A decade ago SOLACE (Society of Local Authority Chief Executives) produced a document that looked at possible future scenarios for local government (Rebirth or Stillbirth?). It warned of an obsession with targets, processes, and inspections, which would result in the actual services experienced by the public being degraded, or worse not meeting its needs.
About a month ago I went to a care conference sponsored by Vanguard Consulting and the contributions from local authority guest speakers (both front line staff and managers) highlighted a number of key issues that bedevil both children’s and adult care services at the moment. The typical issues are:
• It is easier to give any service rather than what a client wants or needs. Staff are customer focused, but many current systems are not, and this is made worse by targets. For example a Midlands council discovered that when it checked 28 cases, 4 were new, and 24 were revisits of old cases, and they also discovered there is an alternative universe where staff are doing private deals to get things done and give the client what they want or need
• A tendency to try and “close” cases as soon as possible as it “reassures” managers, and ultimately politicians and the media, that things are alright
• There is simply too much information to process on a daily basis
• Too much work is failure demand (i.e. re-dealing with old cases, rather than new cases). And the system has too many stages in the process and hence is slow and fails to meet customer needs in a timely fashion. For example, a council set out the issues with its Disabled Facilities Grant system: preventable demand was 71% of the work and there were 291 steps to the grant process, of which only 20 were required
• The way to cope with failure demand to date has been to raise thresholds to make it more difficult to access services, ultimately leading to higher costs – as inevitably only the most difficult and expensive cases are handled. In other words, work focuses on crisis and not prevention
• Too much energy is spent on monitoring cases, and not solving problems
• The current situation is pre-occupied with assessment, which then unlocks care and treatment. This often results in people getting simple help too late, and particularly for the elderly, this means their quality of life deteriorates, and they then require more expensive interventions
• There is genuine confusion about the role and understanding of the skills the staff have. The current system asks them to carry out roles (e.g. IT based work) for which they are not trained professionally
All of which sounds terribly depressing and could confirm that SOLACE’s warnings were right, yet I believe there is considerable hope for the future.

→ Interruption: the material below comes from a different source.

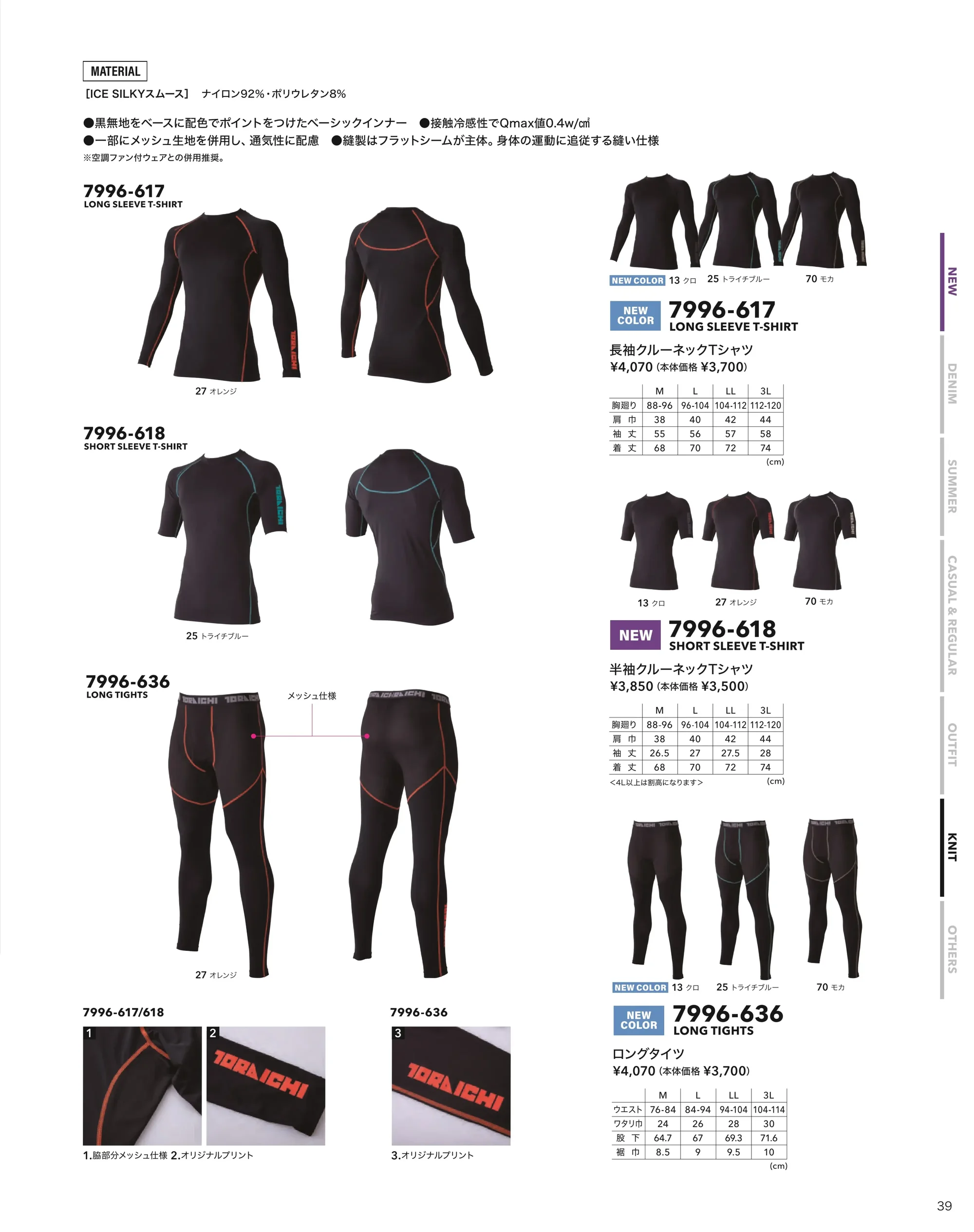 7996 SERIES ICESILKYの半袖クルーネックTシャツ。接触冷感Q-max0.4W/cm2の超冷感シルキータッチ素材とナイロン92%のなめらかな風合いで、着た瞬間からひんやり快適。吸汗速乾機能と脇メッシュ仕様により、真夏の作業でもムレを抑えた爽やかな着心地を実現します。

Now we know the problems we can do something about it. I think there is now widespread acceptance that the top-down process and target-driven approach to running public services (usually steered from Whitehall), that has characterised the last 15 years or more, has not worked. If anything it has driven up costs, failed to deliver what people want and caused public service professionals much pain. There is a realisation that the public really do want services from high quality, highly trained professionals who spend time with them, rather than filling out forms or being on the end of a phone line. Consequently I think there is an increasing focus on the “front line” and what it is doing, rather than looking over the shoulder at inspectors and “the centre”. And services should be designed around the customer and led by inspired and motivated leaders, rather than designed around a target or process and driven by “back room” staff. As the ultimate test of any service (public or private) is that if the customer is happy and gets what s/he wants or needs, then that is all that should be delivered, not all the current “extra” paraphernalia that just gets in the way.